For right now, I'm going to explore some more data sources, start looking at where there are shared entities. Regardless of what we end up doing, we'll need to handle this somehow.

Friday, May 2, 2014

I'm thinking of trying out the RDFlib store API

Thursday, May 1, 2014

PyOpenWorm and NeuroML

I'm trying to make a neuroml file from the generated rdf database in PyOpenWorm. Trying to make sense of the schema. Everything is related through integer keys and I haven't found a human description yet.

Update 1:
All of the methods read through to the a RDF graph built up in the network module. However, the neuron is not checked for existence in the databse on creation. I'm going to add a primary access method with the check.

Update 2:
Thinking about the structure of these modules. I'm guessing a config file would be good for moving the configurations around. PyOpenWorm should be a library that can be used to make the wrappers, so it shouldn't be tied to any specific database.
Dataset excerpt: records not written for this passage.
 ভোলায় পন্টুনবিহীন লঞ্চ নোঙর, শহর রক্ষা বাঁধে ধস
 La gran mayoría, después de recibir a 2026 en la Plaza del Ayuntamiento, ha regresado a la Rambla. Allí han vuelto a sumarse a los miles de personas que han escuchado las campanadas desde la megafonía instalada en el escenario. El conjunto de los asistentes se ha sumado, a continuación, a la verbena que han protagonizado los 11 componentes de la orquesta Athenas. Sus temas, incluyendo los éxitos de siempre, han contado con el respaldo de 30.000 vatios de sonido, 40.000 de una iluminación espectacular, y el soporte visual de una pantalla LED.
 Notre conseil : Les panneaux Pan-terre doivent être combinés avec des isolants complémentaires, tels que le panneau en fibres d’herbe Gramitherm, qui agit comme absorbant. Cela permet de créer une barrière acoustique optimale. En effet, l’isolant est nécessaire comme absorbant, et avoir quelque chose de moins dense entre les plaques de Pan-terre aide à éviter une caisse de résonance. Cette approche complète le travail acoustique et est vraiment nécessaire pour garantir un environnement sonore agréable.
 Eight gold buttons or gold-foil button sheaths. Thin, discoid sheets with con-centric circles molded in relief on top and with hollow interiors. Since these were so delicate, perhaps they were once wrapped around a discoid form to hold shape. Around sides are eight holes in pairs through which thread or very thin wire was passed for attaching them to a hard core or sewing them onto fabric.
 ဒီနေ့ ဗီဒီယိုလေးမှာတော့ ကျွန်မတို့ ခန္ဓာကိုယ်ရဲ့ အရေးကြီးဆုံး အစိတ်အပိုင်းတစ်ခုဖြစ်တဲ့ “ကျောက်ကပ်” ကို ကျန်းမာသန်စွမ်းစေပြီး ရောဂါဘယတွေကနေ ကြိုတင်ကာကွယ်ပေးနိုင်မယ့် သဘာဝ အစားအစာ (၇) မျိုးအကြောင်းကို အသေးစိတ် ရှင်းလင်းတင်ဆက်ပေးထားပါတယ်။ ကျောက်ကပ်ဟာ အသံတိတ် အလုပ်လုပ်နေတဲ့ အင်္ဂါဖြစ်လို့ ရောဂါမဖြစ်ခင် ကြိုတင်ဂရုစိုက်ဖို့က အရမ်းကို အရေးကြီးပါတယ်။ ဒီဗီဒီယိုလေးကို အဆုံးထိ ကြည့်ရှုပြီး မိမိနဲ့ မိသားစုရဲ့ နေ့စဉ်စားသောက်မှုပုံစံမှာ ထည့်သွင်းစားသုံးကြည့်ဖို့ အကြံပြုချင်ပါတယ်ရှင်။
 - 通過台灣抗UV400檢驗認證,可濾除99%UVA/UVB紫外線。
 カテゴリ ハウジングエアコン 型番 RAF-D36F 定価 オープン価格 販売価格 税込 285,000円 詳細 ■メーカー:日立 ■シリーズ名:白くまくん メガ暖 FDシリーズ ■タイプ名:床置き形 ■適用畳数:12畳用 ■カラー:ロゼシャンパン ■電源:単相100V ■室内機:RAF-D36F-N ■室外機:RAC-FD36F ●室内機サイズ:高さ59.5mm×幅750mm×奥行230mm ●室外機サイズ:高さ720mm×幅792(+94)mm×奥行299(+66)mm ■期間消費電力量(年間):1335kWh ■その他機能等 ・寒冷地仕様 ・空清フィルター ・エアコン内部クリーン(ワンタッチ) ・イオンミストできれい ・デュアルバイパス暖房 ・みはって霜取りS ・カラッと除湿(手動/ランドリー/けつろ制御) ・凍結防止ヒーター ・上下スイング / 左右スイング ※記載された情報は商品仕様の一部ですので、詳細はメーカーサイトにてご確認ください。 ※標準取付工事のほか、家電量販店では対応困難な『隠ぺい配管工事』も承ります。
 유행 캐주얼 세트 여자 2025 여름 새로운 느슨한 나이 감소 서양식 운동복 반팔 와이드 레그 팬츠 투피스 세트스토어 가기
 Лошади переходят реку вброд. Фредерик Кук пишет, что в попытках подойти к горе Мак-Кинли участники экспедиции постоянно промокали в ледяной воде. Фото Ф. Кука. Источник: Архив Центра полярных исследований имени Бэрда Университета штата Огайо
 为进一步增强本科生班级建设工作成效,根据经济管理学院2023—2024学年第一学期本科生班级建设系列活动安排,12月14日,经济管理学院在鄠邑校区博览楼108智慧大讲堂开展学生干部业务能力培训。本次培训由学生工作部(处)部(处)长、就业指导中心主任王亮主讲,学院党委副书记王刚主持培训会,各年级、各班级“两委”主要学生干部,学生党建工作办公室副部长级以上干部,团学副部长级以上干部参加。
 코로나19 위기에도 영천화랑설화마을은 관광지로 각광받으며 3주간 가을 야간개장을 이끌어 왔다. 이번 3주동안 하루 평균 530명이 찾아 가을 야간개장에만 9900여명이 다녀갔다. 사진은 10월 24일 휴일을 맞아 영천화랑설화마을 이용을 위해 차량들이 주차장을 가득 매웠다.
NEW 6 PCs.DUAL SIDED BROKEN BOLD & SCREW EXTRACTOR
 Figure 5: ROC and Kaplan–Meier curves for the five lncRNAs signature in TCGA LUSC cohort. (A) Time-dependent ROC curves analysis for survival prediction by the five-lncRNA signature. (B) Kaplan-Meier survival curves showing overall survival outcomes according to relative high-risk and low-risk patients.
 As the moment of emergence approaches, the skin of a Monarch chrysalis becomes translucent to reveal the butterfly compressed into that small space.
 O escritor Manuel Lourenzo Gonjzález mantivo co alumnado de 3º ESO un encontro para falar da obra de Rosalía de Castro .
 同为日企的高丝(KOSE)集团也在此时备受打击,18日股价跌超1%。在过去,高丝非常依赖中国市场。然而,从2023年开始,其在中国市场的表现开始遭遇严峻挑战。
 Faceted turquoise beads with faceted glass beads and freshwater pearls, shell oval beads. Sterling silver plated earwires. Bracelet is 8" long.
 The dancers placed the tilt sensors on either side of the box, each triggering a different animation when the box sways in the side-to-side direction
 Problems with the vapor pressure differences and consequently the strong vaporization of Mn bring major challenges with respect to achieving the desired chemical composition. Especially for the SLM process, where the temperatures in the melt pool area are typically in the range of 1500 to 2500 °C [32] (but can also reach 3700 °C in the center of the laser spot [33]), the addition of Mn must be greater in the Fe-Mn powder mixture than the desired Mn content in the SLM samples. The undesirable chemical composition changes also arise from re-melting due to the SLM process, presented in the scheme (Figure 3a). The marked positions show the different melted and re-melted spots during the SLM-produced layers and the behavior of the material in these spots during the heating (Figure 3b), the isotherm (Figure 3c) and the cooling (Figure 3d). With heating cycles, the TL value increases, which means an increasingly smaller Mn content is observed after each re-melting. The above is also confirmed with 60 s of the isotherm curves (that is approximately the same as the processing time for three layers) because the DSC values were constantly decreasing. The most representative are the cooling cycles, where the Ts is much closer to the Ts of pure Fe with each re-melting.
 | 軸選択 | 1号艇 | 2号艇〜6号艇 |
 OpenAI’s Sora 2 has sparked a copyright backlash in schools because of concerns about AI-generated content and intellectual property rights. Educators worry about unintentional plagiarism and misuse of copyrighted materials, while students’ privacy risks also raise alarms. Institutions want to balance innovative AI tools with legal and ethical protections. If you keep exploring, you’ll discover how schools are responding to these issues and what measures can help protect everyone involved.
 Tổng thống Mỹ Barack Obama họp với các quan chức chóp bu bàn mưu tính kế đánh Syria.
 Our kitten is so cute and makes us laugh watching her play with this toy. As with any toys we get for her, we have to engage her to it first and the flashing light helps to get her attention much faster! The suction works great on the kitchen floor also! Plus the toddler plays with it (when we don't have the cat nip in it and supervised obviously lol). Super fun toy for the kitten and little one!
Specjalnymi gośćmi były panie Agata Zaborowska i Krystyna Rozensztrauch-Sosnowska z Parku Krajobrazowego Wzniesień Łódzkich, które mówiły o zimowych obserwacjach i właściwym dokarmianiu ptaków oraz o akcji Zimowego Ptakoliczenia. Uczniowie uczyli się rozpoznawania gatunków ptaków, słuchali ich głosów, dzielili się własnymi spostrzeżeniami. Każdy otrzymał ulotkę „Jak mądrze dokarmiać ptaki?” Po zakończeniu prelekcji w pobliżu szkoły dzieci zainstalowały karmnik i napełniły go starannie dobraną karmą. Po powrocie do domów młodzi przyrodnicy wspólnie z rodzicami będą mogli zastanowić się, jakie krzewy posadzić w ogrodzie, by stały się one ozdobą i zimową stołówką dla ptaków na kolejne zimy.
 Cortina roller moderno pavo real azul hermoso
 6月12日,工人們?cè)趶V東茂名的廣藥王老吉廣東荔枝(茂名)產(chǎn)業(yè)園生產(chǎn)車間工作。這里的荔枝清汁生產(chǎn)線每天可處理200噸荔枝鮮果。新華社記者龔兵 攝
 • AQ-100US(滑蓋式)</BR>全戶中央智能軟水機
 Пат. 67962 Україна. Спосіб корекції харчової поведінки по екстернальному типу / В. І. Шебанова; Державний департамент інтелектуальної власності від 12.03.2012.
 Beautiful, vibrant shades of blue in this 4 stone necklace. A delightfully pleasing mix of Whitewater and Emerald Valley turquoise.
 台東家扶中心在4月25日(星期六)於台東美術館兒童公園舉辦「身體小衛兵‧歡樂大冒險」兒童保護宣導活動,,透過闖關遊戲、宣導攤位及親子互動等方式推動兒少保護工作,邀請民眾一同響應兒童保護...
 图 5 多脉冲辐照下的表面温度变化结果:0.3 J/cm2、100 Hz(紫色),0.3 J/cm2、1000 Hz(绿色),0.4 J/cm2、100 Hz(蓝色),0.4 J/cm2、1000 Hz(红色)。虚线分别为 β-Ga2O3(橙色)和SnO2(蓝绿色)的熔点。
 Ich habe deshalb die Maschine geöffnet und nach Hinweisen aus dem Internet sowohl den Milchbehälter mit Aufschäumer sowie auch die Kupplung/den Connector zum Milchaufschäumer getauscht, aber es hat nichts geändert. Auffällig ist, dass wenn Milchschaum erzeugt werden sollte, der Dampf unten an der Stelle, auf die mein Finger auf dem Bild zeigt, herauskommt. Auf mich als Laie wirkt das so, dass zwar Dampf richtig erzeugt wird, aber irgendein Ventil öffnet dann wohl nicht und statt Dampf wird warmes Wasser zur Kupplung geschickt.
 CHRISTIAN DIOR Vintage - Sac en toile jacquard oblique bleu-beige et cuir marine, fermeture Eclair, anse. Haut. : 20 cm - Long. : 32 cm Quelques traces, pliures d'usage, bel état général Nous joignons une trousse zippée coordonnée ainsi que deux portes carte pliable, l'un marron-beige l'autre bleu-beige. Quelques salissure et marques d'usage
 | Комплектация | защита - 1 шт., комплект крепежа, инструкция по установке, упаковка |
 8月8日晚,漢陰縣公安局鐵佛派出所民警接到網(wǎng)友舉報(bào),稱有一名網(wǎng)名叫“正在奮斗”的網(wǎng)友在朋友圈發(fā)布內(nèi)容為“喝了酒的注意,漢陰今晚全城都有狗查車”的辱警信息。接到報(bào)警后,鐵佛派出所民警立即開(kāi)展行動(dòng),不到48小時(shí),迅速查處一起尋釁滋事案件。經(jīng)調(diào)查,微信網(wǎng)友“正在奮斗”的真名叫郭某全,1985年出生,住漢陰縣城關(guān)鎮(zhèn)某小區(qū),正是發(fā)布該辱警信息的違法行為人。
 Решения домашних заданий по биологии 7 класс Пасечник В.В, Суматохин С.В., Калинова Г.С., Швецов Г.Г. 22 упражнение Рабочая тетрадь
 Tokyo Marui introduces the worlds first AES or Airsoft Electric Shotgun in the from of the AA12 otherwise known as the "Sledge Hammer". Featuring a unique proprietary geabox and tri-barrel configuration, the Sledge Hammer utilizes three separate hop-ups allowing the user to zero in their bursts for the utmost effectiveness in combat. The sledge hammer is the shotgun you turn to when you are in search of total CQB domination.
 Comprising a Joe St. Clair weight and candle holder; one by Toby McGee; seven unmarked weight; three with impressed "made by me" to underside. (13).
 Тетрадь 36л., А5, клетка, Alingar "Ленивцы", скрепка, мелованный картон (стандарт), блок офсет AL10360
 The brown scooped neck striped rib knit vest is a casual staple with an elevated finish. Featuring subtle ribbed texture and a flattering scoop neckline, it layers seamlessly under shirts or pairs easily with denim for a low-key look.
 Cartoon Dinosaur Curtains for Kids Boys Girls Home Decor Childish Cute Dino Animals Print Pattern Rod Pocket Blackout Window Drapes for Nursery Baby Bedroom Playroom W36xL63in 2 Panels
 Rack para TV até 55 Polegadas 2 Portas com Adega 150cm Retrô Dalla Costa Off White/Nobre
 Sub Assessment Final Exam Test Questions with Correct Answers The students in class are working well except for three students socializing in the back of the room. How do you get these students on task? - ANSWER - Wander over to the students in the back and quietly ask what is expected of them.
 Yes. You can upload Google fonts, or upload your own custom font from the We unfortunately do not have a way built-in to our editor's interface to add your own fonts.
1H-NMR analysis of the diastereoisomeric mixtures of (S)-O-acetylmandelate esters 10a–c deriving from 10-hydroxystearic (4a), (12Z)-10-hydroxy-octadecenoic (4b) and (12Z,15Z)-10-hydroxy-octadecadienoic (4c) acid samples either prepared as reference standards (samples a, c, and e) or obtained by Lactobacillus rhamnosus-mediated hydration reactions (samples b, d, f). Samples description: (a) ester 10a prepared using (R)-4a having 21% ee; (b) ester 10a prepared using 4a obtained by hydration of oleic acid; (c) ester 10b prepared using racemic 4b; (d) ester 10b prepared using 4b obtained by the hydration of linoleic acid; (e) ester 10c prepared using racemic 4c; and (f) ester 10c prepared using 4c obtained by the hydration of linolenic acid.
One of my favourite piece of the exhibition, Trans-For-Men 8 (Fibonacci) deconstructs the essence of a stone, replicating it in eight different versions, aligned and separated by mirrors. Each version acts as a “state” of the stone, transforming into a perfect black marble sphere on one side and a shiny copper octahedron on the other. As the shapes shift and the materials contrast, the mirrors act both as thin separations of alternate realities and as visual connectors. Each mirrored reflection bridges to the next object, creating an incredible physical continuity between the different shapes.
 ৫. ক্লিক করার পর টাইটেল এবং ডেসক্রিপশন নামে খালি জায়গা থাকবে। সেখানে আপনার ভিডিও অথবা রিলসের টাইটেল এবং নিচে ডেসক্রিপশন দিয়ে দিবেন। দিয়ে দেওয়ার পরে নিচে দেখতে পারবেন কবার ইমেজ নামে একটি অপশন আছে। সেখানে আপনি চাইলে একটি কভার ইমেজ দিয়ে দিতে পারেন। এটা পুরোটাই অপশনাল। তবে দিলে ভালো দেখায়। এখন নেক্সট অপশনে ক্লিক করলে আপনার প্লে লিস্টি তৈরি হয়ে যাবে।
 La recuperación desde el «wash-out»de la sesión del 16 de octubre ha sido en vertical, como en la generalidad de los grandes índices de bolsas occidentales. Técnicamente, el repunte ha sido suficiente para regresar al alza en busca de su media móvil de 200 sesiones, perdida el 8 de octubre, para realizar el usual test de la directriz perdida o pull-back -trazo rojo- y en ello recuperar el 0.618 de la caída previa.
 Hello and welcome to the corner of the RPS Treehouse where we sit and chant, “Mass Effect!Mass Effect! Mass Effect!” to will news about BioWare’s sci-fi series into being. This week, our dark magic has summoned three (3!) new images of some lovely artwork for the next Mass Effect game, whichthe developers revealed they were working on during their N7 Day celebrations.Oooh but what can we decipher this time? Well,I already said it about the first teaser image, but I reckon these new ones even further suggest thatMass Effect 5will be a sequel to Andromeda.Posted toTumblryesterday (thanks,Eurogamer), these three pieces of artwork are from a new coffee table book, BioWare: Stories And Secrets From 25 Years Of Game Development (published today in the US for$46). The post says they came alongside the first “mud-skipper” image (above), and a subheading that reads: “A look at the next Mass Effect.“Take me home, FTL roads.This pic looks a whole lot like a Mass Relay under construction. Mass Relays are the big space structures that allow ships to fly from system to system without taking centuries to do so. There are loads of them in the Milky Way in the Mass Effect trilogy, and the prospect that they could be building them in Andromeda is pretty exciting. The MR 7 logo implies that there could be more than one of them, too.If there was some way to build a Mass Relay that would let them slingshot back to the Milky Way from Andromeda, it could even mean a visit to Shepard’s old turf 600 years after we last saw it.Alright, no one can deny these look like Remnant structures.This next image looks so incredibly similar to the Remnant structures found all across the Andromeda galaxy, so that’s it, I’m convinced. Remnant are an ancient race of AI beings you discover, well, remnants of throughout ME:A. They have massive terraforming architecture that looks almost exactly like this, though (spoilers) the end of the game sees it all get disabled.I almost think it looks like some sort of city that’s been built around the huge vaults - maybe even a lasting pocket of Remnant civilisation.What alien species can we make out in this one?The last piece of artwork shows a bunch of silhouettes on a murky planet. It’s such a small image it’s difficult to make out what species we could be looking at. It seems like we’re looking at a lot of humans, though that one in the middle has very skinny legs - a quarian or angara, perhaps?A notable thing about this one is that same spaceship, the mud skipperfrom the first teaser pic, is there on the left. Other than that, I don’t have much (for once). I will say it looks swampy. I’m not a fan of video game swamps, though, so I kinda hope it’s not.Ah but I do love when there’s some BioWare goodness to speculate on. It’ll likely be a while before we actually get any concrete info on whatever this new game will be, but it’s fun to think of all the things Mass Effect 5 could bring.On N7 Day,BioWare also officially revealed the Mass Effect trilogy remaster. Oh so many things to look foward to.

Sounds like a job for Dependency Inversion (i.e. parametrizing the network class).

Update 3:
Learning libneuorml from Padraig G's examples in the github repo. Right now, I'm leaning towards separating the file-type specific components from PyOpenWorm proper. Eventually I want to stop opening up the library files (closely tied to the schema) and spend my time with the file-specific converters.